- First published in: 1726
- Country: England
- Language: English
- Publisher: Mist's Weekly Journal

= The Ballad of Molly Mogg =

1726 poem by John Gay

The Ballad of Molly Mogg (first published as "Molly Mogg, or the Fair Maid of the Inn") is a poem written by John Gay with contributions from Alexander Pope and Dean Swift. It is written about Molly Mogg, the beautiful barmaid at the Rose Inn, Wokingham, England.

==Background==
In the early 18th century, Gay, Swift and Pope were regular customers to the Rose Inn public house in Wokingham, which was run by John Mogg (though John Timbs identifies the public house as the Rose Inn in Covent Garden) On one visit, they were forced to stay in the inn longer than planned due to a storm. To pass the time, they wrote verses about Molly, the attractive eldest daughter of the landlord. The poem alludes to the melancholy mood of Edward Standen, the heir to Arborfield Manor and customer of the inn, who had fallen in love with (and was repeatedly rejected by) Molly.

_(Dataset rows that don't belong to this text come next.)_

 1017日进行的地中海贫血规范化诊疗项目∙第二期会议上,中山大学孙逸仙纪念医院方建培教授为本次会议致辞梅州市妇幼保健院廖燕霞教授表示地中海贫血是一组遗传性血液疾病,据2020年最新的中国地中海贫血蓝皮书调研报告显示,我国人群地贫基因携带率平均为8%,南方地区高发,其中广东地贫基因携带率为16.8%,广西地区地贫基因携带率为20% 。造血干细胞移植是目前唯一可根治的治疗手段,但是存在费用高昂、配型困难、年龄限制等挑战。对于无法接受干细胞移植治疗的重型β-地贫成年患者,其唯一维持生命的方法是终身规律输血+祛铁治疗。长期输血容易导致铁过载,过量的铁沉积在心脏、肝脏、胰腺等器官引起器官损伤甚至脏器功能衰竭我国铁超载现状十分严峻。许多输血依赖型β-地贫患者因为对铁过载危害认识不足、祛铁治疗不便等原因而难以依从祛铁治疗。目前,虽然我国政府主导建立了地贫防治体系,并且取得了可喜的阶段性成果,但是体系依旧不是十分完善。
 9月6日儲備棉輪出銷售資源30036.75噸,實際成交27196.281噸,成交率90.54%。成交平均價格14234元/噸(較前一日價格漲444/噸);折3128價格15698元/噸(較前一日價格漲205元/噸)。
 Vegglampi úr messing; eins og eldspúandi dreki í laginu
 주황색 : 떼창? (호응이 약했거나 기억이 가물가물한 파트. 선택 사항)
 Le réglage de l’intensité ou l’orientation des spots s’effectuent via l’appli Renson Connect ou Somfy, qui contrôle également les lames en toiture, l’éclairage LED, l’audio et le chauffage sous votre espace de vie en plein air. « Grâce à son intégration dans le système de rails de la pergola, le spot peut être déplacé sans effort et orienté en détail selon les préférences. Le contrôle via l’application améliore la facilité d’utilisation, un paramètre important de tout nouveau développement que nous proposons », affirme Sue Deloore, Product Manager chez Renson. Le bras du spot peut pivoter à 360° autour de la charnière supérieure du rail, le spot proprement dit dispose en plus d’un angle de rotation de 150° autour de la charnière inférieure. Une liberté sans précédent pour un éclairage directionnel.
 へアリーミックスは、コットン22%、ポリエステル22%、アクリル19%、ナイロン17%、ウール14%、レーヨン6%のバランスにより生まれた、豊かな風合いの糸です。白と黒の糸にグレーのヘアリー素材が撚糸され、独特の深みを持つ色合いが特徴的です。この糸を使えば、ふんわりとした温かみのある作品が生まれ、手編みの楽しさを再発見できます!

Molly was born in 1699 and never married, despite her beauty. She died a spinster at the age of 67 in 1766. Her death record named her as "Mary Mogg" and described her as "advanced in years but in her youth a celebrated beauty and toast, possessed of a good fortune that she has left among her relations". Her only brother had no son, so when Molly died the Mogg family name ended. Edward Standen died in 1730 at the age of 27.

==Poem==

Says my Uncle, I pray you discover,
What hath been the cause of your woes,
Why you pine and you whine like a lover?
I've seen Molly Mog of the Rose.

Oh, nephew, your grief is but folly,
In town you may find better prog;
Half-a-crown there will get you a Molly,
A Molly much better than Mog.

I know that by wits 'tis recited
That Women at best are a clog,
But I'm not so easily frightened
From loving my sweet Molly Mog.

The School Boy's delight is a play day,
The School Master's joy is a flog.
The Milkmaid's delight is a May day,
But mine is on sweet Molly Mog.

Will of wisp leaves the traveller gadding
Through ditch and through quagmire and bog.
But no light can set me a-madding
Like the eyes of my sweet Molly Mog.

For guineas in other men's breeches
Your gamester will palm and will cog,
But I envy them none of their riches,
So I may win sweet Molly Mog.

The heart when half wounded is changing,
It here and there leaps like a frog.
But my heart can never be ranging,
'Tis so fixed upon sweet Molly Mog.

Who follows all Ladies of pleasure
In pleasure is thought but a hog.
All the sea cannot give so good measure
Of joys as my sweet Molly Mog.

I feel I am in love to distraction,
My senses all lost in a fog,
And nothing can give satisfaction
But thinking of sweet Molly Mog.

A letter when I am indicting,
Comes Cupid and gives me a jog,
And I fill all the paper with writing
Of nothing but sweet Molly Mog.

If I would not give up the three Graces
I wish I were hanged like a dog,
And in court all the drawing-room faces,
For a glance of my sweet Molly Mog.

Those faces want nature and spirit
And seem as cut out of a log;
Juno, Venus and Pallas's merit
Unite in my sweet Molly Mog.

Those who toast all the family Royal
In bumpers of hogan and nog,
Have hearts not more true or more loyal
Than mine to my sweet Molly Mog.

Were Virgil alive with his Phillis,
And writing another eclogue,
Both his Phillis and fair Amaryllis
He'd give up for sweet Molly Mog.

While she smiles on each guest like her liquor,
Then jealousy sets me agog,
To be sure she's a bit for the Vicar,
And so I shall lose Molly Mog.

==Legacy==
The poem was first published in 1726 in Mist's Weekly Journal, and was described as having been "writ by two or three men of wit, upon the occasion of their lying at a certain Inn at Ockingham, where the daughter of the House was remarkably pretty, and whose name was Molly Mog."

The Welsh ballad "Gwinfrid Shones" (published in 1733) also mentions Mogg:

Some sing Molly Mogg of the Rose,

And call her the Oakingham belle;

Whilst others does ferces compose,

On beautiful Molle Lapelle.

Molly Mogg's, a public house in London's Soho district (at the junction of Old Compton Street and Charing Cross Road) is named after Mogg.